If there are two separate objects moving around then typically they will have different motion-trajectories which will lead to different activity on each trial. In this case Hebbian learning will try to learn a different relationship on each trial and to unlearn the previous relationships of the past trials.
Hebbian learning is a statistical method to learn correlations that exist in the world (or rather in the input data).

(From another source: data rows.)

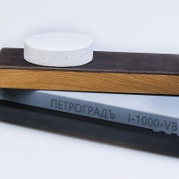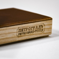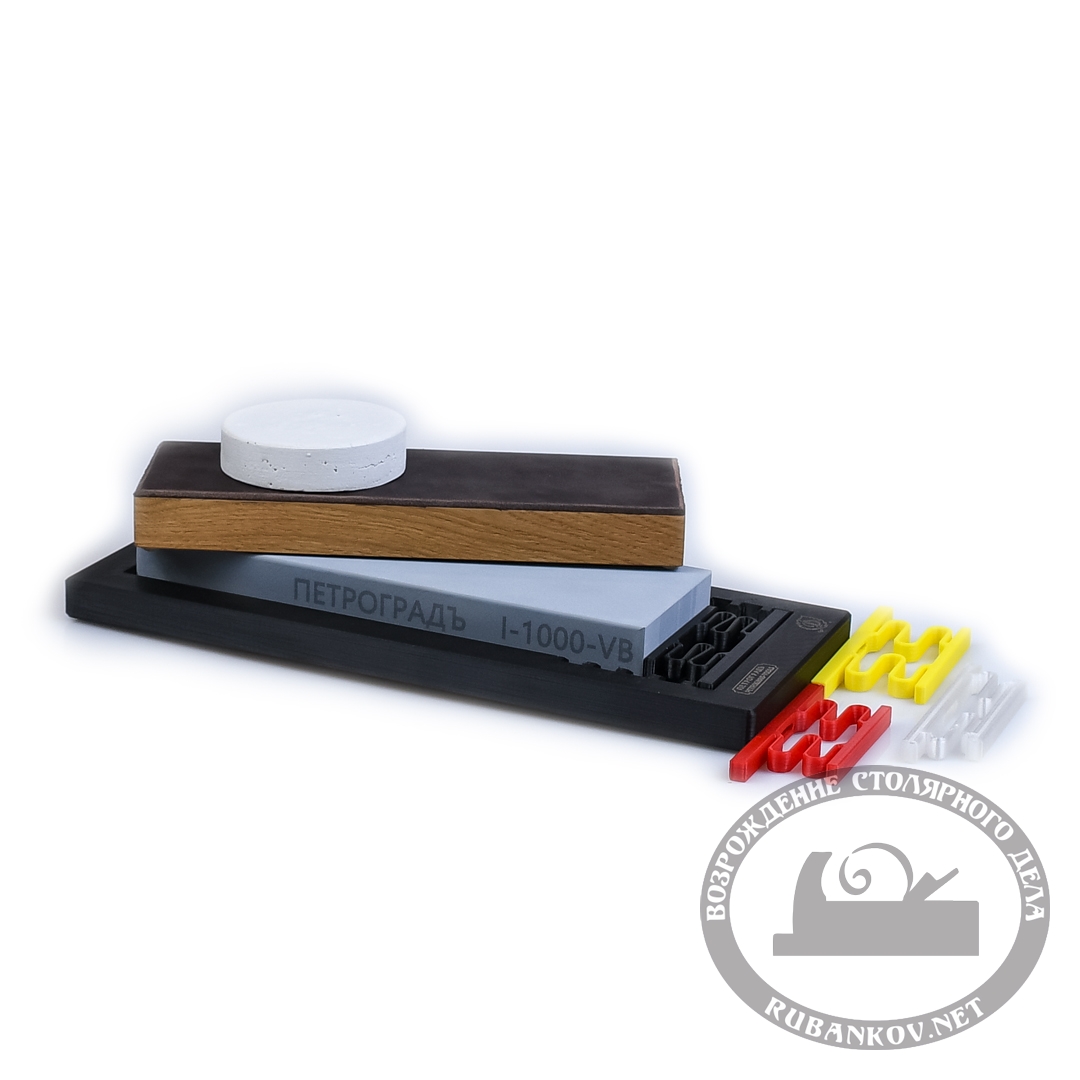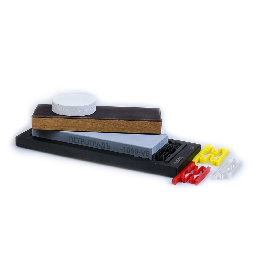 Этот набор включает в себя ручное полировальное устройство с деревянным основанием из массива ясеня, на которое наклеена натуральная кожа. Главной особенностью является возможность использования полировочного бруска как с полировальной пастой, так и без неё, за счет натуральных абразивных свойств кожи. Так же набор включает в себя заточной водный абразив для заточки режущей кромки и держатель абразивов для фиксации заточного камня при заточке.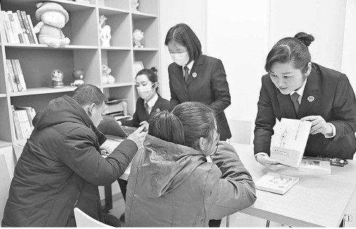 图①:“蓝纸鹤”团队检察官对被害人及家属进行心理辅导。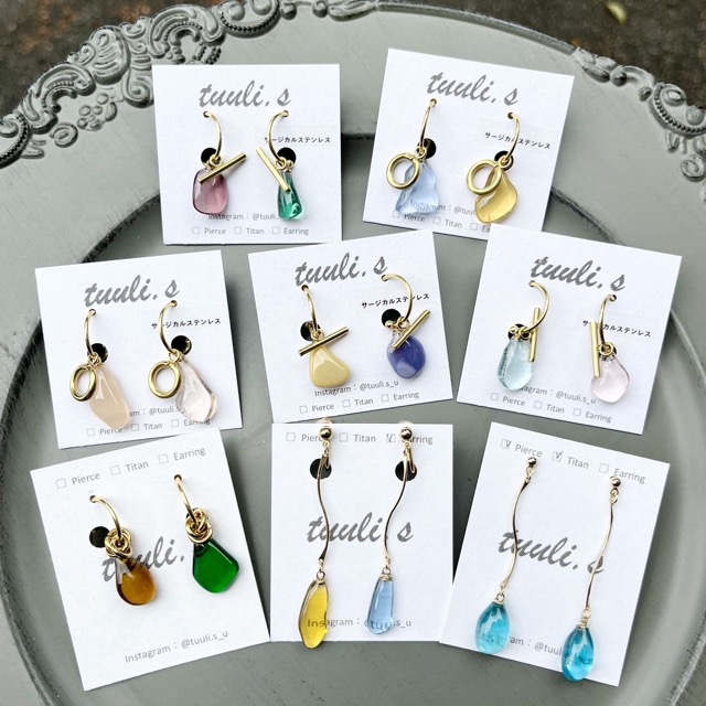 - 【あなたの生活に寄り添うアイテム作り】を目標に、艶々におめかししたシーグラスやカラフルなビーズを使用したアクセサリーを制作しています。お好きなシーグラスとデザインを選んでいただき、店主がお仕上げさせていただくオリジナルのアクセサリーも制作可能です。金属アレルギーをお持ちのお客様にも身につけていただけるように、サージカルステンレスやニッケルフリーの金具アイテムもご用意してお待ちしております。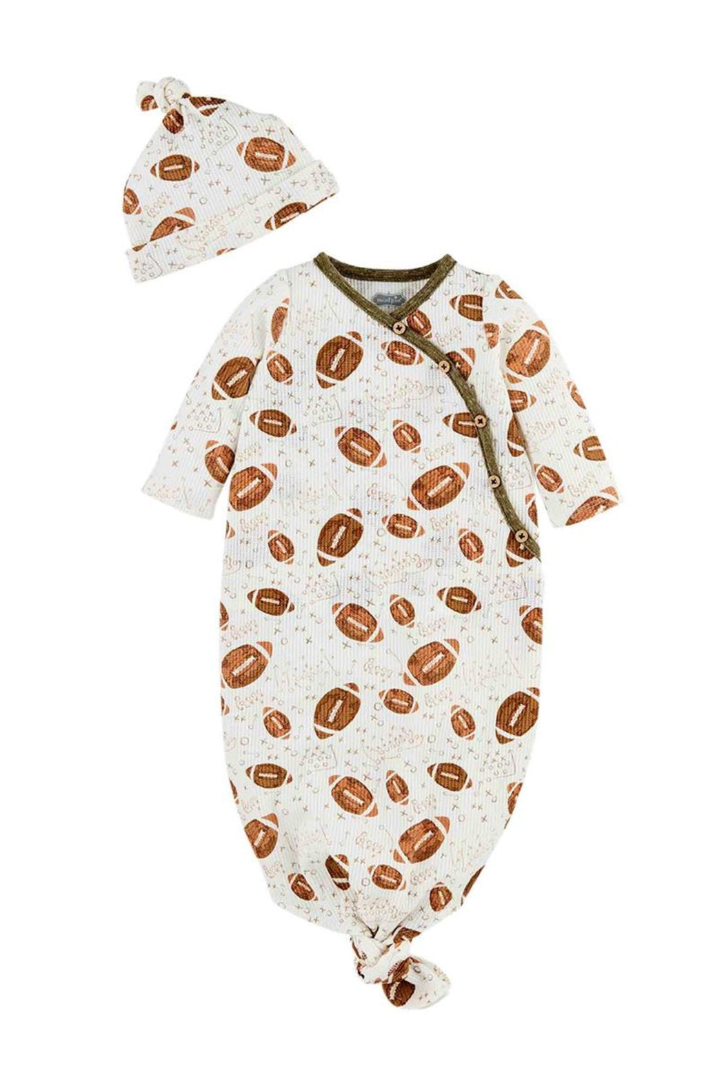 2-piece set. Waffle weave knot hem sleep gown with coconut wood button placket. Comes with coordinating top knot hat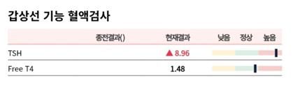검사 결과상 TSH가 8.96으로 상승되어 있고 Free T4는 정상 범위에 있어, 현재 상태는 아임상 갑상선기능저하증에 해당합니다. 이는 갑상선 호르몬 수치는 아직 정상으로 유지되고 있지만, 이를 유지하기 위해 뇌하수체에서 TSH를 더 많이 분비하는 초기 단계의 기능 저하 상태로 해석됩니다.

It’s not foolproof but unless someone is concocting illusions to trick you, it works well enough to distinguish between your two cases.
So you need a combination of same-time and same-location, which is an addition to Hebbian learning. That discrimination by location is in separate “where” pathway, mapping inputs to locations, so you need a co-incident activation in what and where pathways? Or both are represented in the same column but different layers, like those hypothetical grid cells in layer 5?

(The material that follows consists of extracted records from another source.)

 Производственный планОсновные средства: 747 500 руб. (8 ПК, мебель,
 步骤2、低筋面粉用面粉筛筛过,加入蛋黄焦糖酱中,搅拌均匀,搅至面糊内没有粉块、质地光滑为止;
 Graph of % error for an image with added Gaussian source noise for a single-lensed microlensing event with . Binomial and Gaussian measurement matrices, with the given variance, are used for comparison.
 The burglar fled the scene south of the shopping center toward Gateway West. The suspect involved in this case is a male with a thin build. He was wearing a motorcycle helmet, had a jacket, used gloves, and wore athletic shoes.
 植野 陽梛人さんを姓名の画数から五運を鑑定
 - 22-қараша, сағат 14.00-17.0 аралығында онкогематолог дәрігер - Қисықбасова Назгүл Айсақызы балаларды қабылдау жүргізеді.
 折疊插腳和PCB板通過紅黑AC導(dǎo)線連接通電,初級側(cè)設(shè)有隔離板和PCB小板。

I think there are two parts to this. Learning separate objects works with hebbian learning, but sensing two objects at the same time is another problem.
It might be sensing parts of a pencil and a coffee mug, for example. Until it senses enough features, it can’t be sure whether this is one object or two. Or it could even be feeling two instances of identical coffee mugs.
I don’t remember the exact mechanisms of voting well enough. It might work with multiple objects. Voting is explained thoroughly in this video: https://www.youtube.com/watch?v=XUpmN_CLOZc
To deal with multiple instances of an identical object, it must involve reference frames (coordinate systems of locations). Each kind of object has its own reference frame (I recall), but that wouldn’t distinguish identical objects. For those, it’d have to use other reference frames, like position relative to the body. There are many kinds of reference frames in the brain. Injuries lead to various strange problems, like hemineglect.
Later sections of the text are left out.